— WHAT TO PRODUCE —
Only an exact repetition of the lines from the one holding "H. DORISOL BUGANVILLA" to the end of the data is wanted, with pictures left out.

..............................

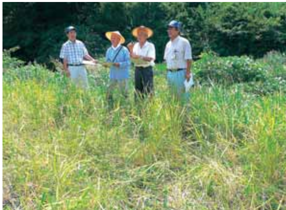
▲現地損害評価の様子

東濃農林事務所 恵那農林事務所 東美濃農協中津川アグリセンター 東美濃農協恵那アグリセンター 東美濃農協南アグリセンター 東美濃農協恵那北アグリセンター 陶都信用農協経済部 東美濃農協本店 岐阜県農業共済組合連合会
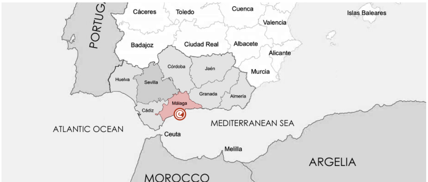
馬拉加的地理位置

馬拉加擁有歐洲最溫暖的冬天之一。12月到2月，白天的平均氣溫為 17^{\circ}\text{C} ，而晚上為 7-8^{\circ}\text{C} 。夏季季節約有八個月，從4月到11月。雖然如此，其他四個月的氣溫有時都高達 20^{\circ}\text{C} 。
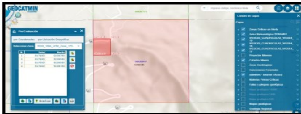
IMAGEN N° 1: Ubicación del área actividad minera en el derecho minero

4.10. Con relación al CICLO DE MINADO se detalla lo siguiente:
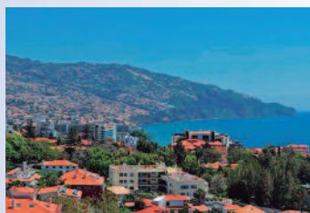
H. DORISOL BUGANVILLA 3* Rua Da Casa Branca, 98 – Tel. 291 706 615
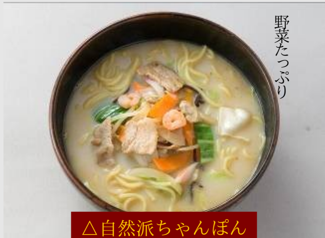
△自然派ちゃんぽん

..............................

— RESPONSE BELOW —
H. DORISOL BUGANVILLA 3* Rua Da Casa Branca, 98 – Tel. 291 706 615
△自然派ちゃんぽん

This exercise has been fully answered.